China Is Boasting That Their New Radar Is Capable Of Detecting Stealth Planes

Early-warning radar trucks at a parade in Beijing in September 2015 marking the 70th anniversary of victory over Japan. Photo: Xinhua

South China Morning Post: The end of stealth? New Chinese radar capable of detecting ‘invisible’ targets 100km away

Breakthrough relies on ‘spooky’ phenomenon of quantum entanglement.

A top Chinese military technology company shocked physicists around the world this week when it announced it had developed a new form of radar able to detect stealth planes 100km away.

The breakthrough relies on a ghostly phenomenon known as quantum entanglement, which Albert Einstein dubbed “spooky action at a distance”.

China Electronics Technology Group Corporation (CETC), one of the “Top 10” military industry groups controlled directly by the central government, said on Sunday that the new radar system’s entangled photons had detected targets 100km away in a recent field test.

That’s five times the “potential range” of a laboratory prototype jointly developed by researchers from Canada, Germany, Britain and the United States last year.

Read more ....

WNU Editor: I suspect that there are some in the Pentagon .... especially those who are responsible for the F-35 program and other stealth projects ..... who are hoping that this Chinese report is just hype and not true.

4 comments:

Jay Farquharson said...

Detecting stealth aircraft, isn't that hard.
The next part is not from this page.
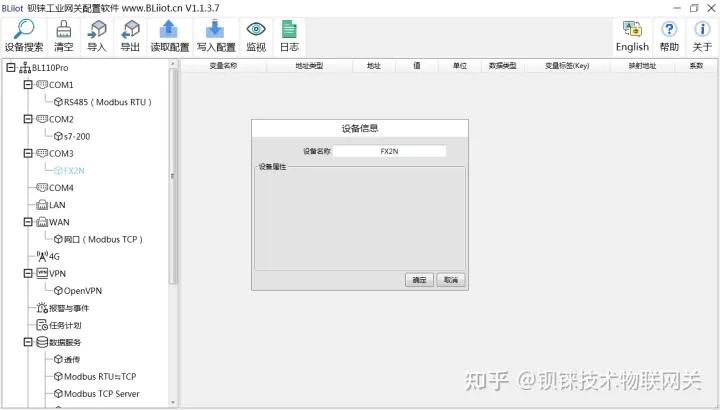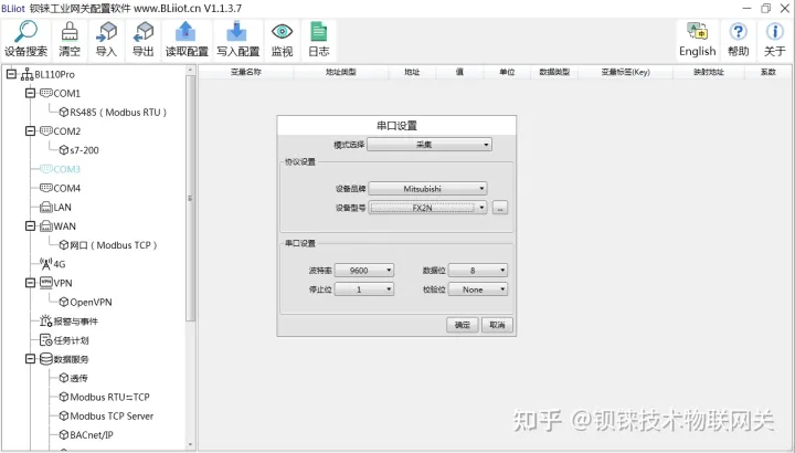 工业智能网关BL110 采集 三菱 PLC FX2N 接入Modbus TCP Server云平台

All you need is long wavelength radar.

Guiding a missile, close enough for a hit, is not possible with long wavelength radars.

The F-35's huge IR signature however, means that you just have to point an IR Missile close enough to the F-35 for the IR seeker head to find the target, on it's own.

Anonymous said...

Right. Reported at length in technical literature a long time ago. Initial use claimed to bring down F-117A shootdown.

Nice job picking up the mistake.

RussInSoCal said...

Wonder what stealth aircraft they're using for testing. Their own?

Jay Farquharson said...

They don't need stealth aircraft to test, just a low RCS model.